Tendermint has evolved to a point where it can be used as a general consensus engine for the state machines of other blockchains. You can take state machines that are built on top of other consensus algorithms and place them on top of Tendermint core. The EVM on top of Tendermint core is one example, known as Ethermint.
There are many advantages to Tendermint in terms of computing. It can be used for both private and public blockchains. In the public chain, it will use PoS while in a private system, it will use permissioned nodes. It has instant finality with nodes preferring consistency over availability. This means the chain will never fork. It enables developers to create DApps in any programming language as it separates the consensus and network layer of the blockchain from the application layer. Due to this separation, it is important to note that the development work needs to be deterministic meaning that all nodes calculate the exact same next state given a set of inputs or transactions.
The main difference with the standard PoS and the Tendermint PoS is there are a number of ways that block producers committed stakes can get slashed further incentivising good behaviour and effective operating of the network. When you forge fake transactions or do not participate in the building of new blocks, nodes will get their stake slashed. This also solves the nothing-at-stake problem which is a key criticism of the standard PoS consensus mechanism. The nothing-at-stake problem is rooted in the issue that validators in traditional PoS are incentivised to build on all chains as they are rewarded for validating and are at no risk of being slashed unless they act maliciously.

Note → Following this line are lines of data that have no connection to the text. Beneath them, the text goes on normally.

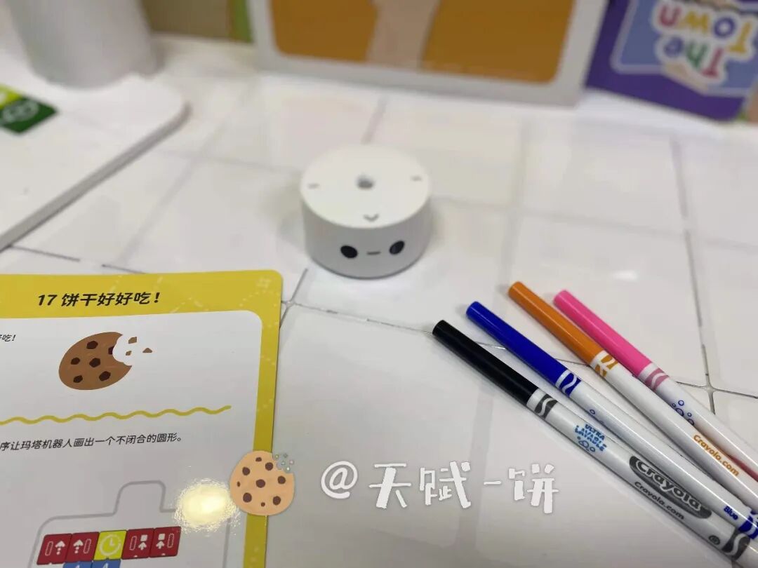 用笔在上面画一些乱七八糟的东西,让娃通过编程块控制机器人去“清扫”。当然了,玛塔机器人不会真的擦掉你画的痕迹,你只能脑补。无论主机还是增补包里的地图,都是防水的,画在地图上的痕迹用湿巾擦就行了,非常好擦。和饼饼玩绘画游戏的时候,我觉得好废纸啊,一张大A3纸只能画一个图形,而且经常不会一次成功,调试几次纸就满了。增补包里一大部分都是绘画游戏,所以特别配了这个空白底板,可以直接在上面玩绘画编程游戏。别看这个纸不厚,它比那种厚纸板的桌游底板更结实耐折,测试中反复折叠上万次都没问题。对了,去年定制版主机里只有一根笔,很多姐妹担心笔没水了怎么办。这个就是绘儿乐的水彩笔,没啥特别的,只要笔杆粗细合适,任何水彩笔都可以替代。由于增补包里的绘画游戏很多,我配了3根水彩笔,加上原本定制版主机里的1根,4支笔应该足够用好长一段时间了,毕竟它只用来画线,不会很费笔水的。写了这么多,也不知道写得够不够清楚啊,如果这样干读文字不够明白,没关系,还有搭配的视频课程。▼下载玛塔创想App观看课程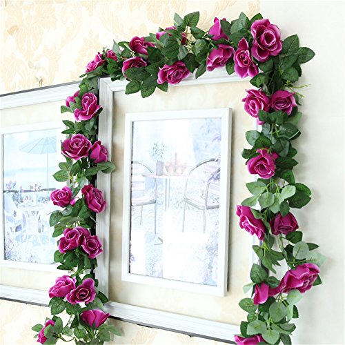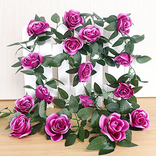 Crt Gucy 16FT 2 Pcs Fake Silk Rose Vine Garland Artificial Flowers plants for Hotel Wedding Home Party Garden Craft Art Décor,Dark Purple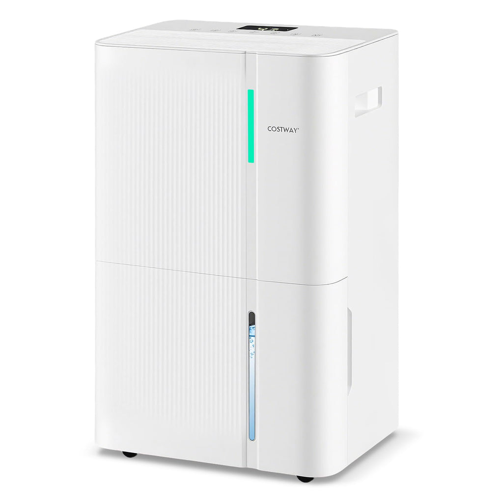 Whether you're looking to improve humidity control in your bathroom, bedroom, living room or basement, this dehumidifier offers a specialized solution that operates quietly and efficiently. It features 3 working modes, offering tailored humidity management for diverse situations. The smart touch panel with LED display makes it easy to operate while the 3-color indicator provides a clear status of the current humidity levels. Additionally, you can use the built-in timer to set periods up to 24 hours for automatic shut off or turn on. The included drain hose offers a convenient way to drain, eliminating the need for frequent emptying of the tank. Moreover, the dehumidifier features recess handles and universal wheels for effortless movement.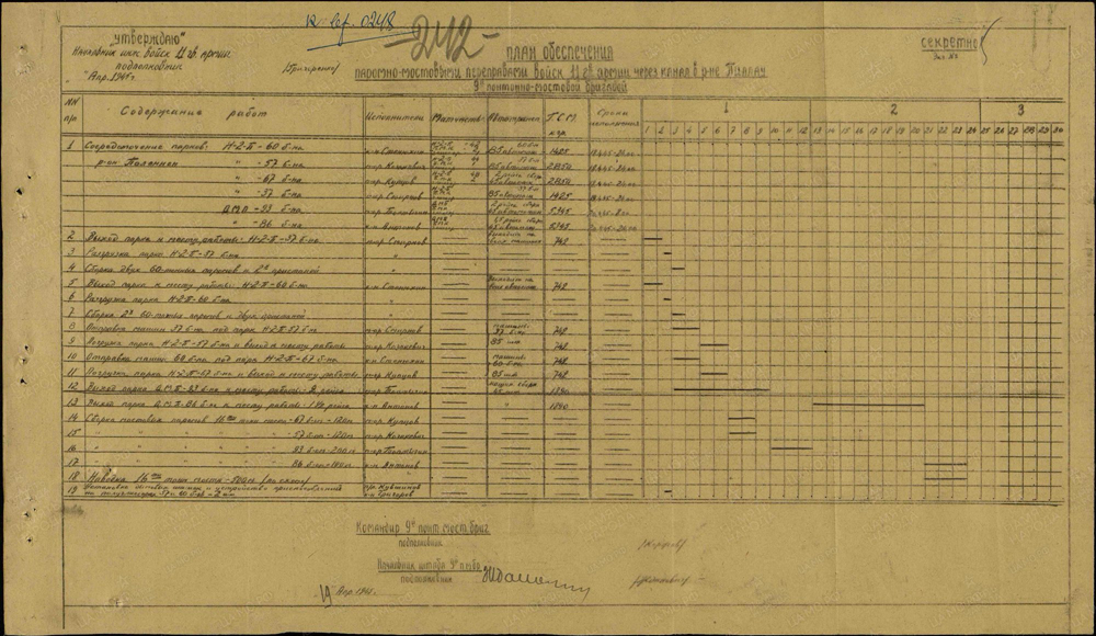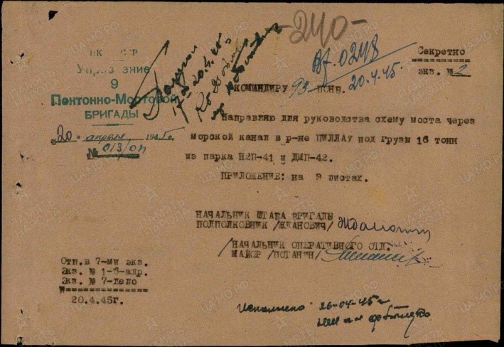 План обеспечения понтонно-мостовой переправы через морской канал Пиллау. 19.04.1945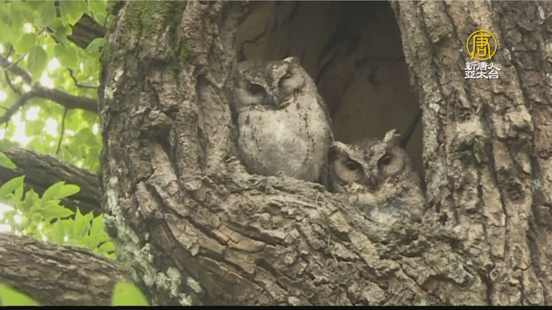 原來珍貴畫面,就在大樟樹幹上的這個樹洞中,兩隻學名領角鴞的貓頭鷹,就窩在洞裡頭,晝伏夜出習性,白天時而瞇眼閉目養神,時而露出一隻眼睛,好像斜眼看著樹下,猛拍牠們的攝影者,因為貓頭鷹跟樹幹,呈現保護重疊顏色,長鏡頭遠調聚焦,才能捕捉到。

The main drawback is the security of the network with the Tendermint only being able to tolerate 33% of bad actors in the network. Many blockchain professionals would not consider this a secure network. PoS is also still an early consensus mechanism system and has yet to be proven on a wide scale. However, the slashing of stakes is likely to improve it as a consensus algorithm and these incentives are looking to be implemented by Ethereum’s Casper protocol when it is implemented.

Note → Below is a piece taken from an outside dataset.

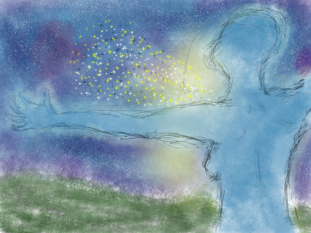 Has the night sky always been this colorful? I always thought it was a shade of navy blue. But I see the white and yellow stars. Soft waves of purples and deep greens.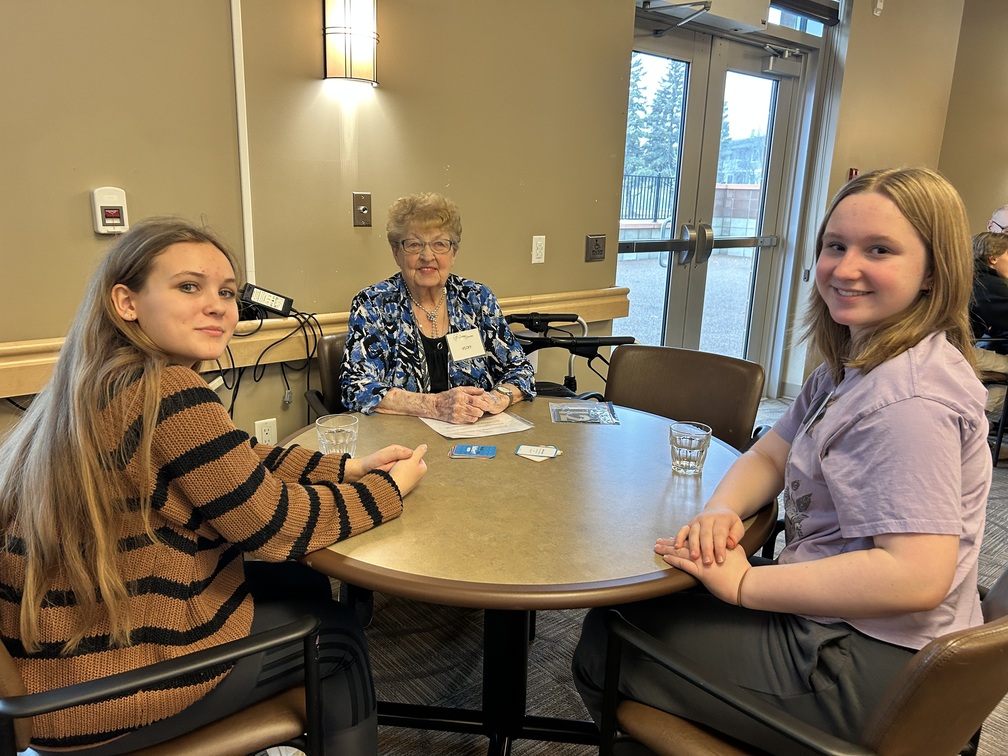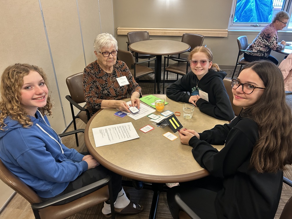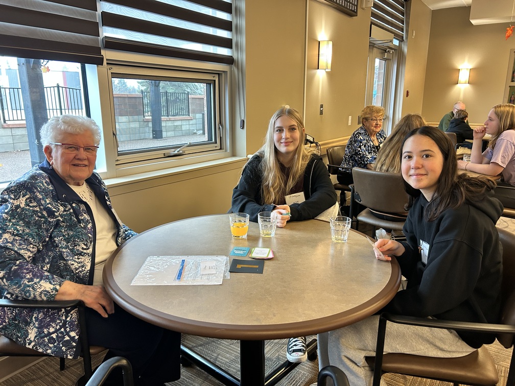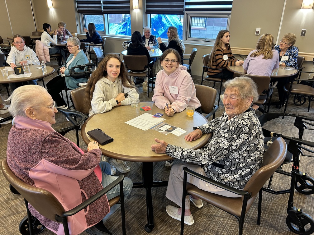 Our Lady of Perpetual Help students spent the afternoon visiting with their linked seniors from Heartland Housing Clover bar Lodge, playing a game called “Would you Rather”.

Decentralized Computing Going Forward:
Cloud computing is another industry dominated by the centralized technology superpowers. It is a centi-billion dollar industry providing valuable computing resources to companies, saving them the large infrastructure investments. Decentralized cloud computing proposes a model whereby users can rent cloud computing power from users across the network.
To compete with the centralized superpowers, the innovators will need to find a way to fully leverage the benefits of decentralized technology. Affordability could be a strong benefit to using decentralized computing, but this will require mass adoption which has not been achieved so far.
Computation will have to far surpass the limitations of the EVM. To achieve this so far has required a trade-off with security and decentralization. With the goal being to leverage the benefits of decentralization, the technology will need to keep being experimented with until these trade-offs become verifiably miniscule or non-existent.